If you're going by the trailer, TV ads and posters, Chris Pratt and Jennifer Lawrence's Passengers looks like an exhilarating and romantic space romp. The premise is apparently pretty clear: Pratt and Lawrence are an intergalactic Adam and Eve. They were on a ship headed toward a new colony, but they awoke 90 years ahead of their arrival. They'll have to stop some form of imminent space danger and probably fall in love along the way. 

At least that's what we can gather from the film's promotional materials.

The only problem? This isn't exactly what happens in the movie. The actual events of the film are more sinister and troubling. The trailers seem to be lying by omission. 

[Editor's note: Major spoilers for Passengers below.]

The trailer makes it seem like Pratt and Lawrence's characters wake up around the same time under mysterious circumstances. This isn't at all how it happens. According to Entertainment Weekly's review of the film, Pratt's character Jim Preston is the first to wake up when his pod is jostled and opened as the ship passes through a meteor shower. Pratt, through various sequences, tries to solve his situation, which EW writer Chris Nashawaty likens to The Martian and Cast Away (but makes it clear, it's not as good as those.)

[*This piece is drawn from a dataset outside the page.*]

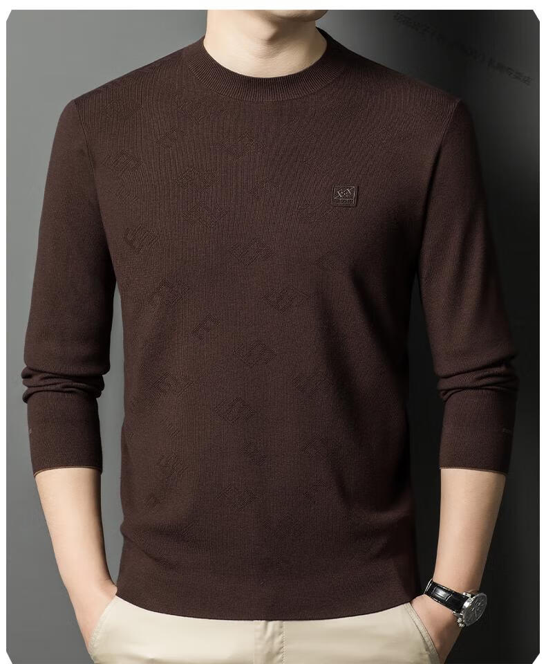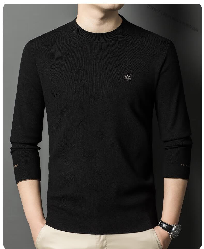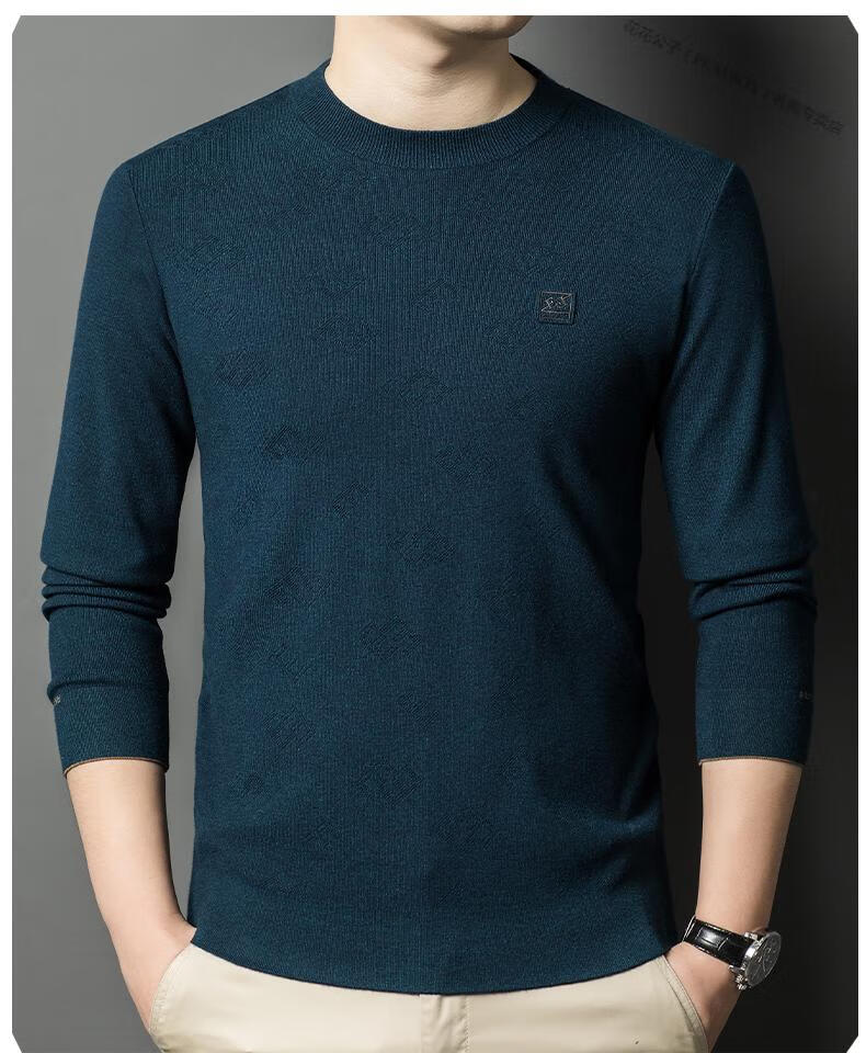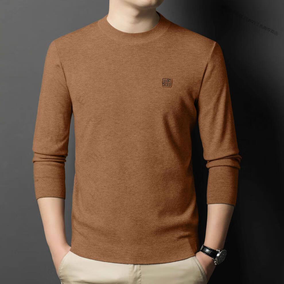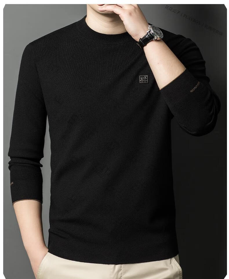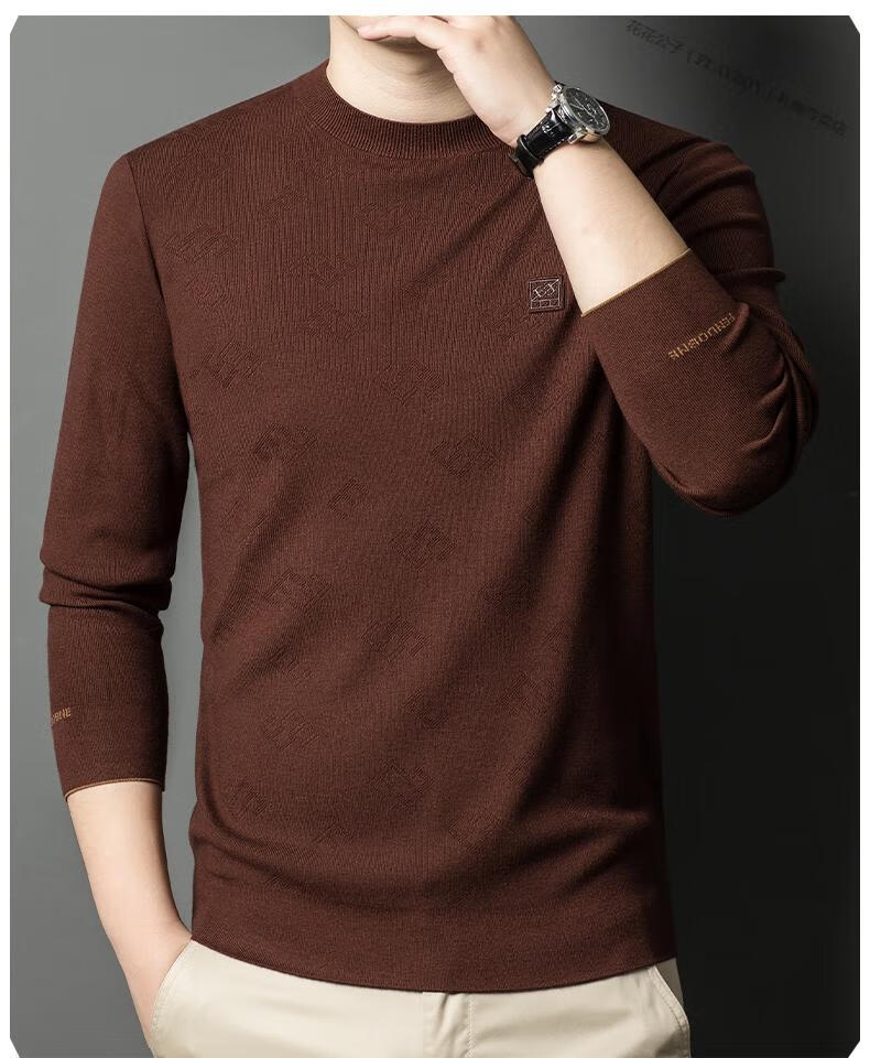 花花公子(PLAYBOY)男士高端品牌新款圆领羊毛衫男中老年羊毛冬季加厚针织衫宽松打底 花枣红 4XL 130/190【建议180-200斤】 速

So where does Jennifer Lawrence come in? Pratt, faced with being awake and alone, starts to stalk a gorgeous woman (Lawrence) who's still asleep in her pod. He looks up her history on the ship's computers and, according to GeekTyrant, "becomes obsessed." Pratt then decides to wake up Lawrence's character, Aurora, "effectively giving her a death sentence along with him," as Nashawaty put it. He then pretends she woke up accidentally like him.

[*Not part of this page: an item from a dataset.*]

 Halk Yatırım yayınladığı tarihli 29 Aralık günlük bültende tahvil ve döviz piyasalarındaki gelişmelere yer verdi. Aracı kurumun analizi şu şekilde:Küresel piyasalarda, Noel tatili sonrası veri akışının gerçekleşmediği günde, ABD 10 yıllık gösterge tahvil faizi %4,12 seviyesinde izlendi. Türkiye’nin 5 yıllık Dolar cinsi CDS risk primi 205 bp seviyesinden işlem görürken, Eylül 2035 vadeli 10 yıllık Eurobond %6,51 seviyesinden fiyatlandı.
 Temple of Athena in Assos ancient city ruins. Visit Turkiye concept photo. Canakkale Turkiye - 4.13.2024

The trailers and ads for the movie, whether intentionally or not, omit this facet of the story. Instead they hinge on the line "there's a reason we woke up early," which further obfuscates the truth about how Preston is a manipulative stalker and basically kidnaps Aurora for a lifetime. The poster also gives Lawrence and Pratt equal importance and placement, when we know their relationship in the movie is anything but. The SOS in morse code becomes even more fitting with that knowledge, though.

Many have been quick to point out what a problem this is and how it makes Pratt's character immediately unlikable and irredeemable. Rebecca Hawkes wrote about the choice for the Telegraph, saying he "deliberately condemned this woman, a fellow human being, to a horrifyingly lonely existence." Twitter users have also chimed in to call out the movie:

And it doesn't get any better from there. Hawkes explains that Passengers "forgives, softens and ultimately justifies its central act of violence." Nashawaty further dings the movie for under-developing Lawrence's character: 

It doesn't help the film's whole female-victimization vibe either that Lawrence is relegated to being a pretty helpless damsel in distress when the Avalon's systems start to fail. She's way too good of an actress to be told to look scared and shout lines like "What does that mean?!" when technical terms are thrown around, and "Jim, how do we fix this?!" while Pratt tries to win her back with his can-do heroism. She's stuck in what essentially amounts to a risable two-hour exhibit of sci-fi Stockholm Syndrome. 

How this revelation and other negative reviews (Passengers currently has a 33% rating on Rotten Tomatoes) will affect its box office totals is yet to be seen. According to the Wrap, as of Dec. 1 it was predicted to make $39 million over its first five days. We'll see when the film is released nationwide Wednesday, Dec. 21, if the hidden creep factor keeps people away.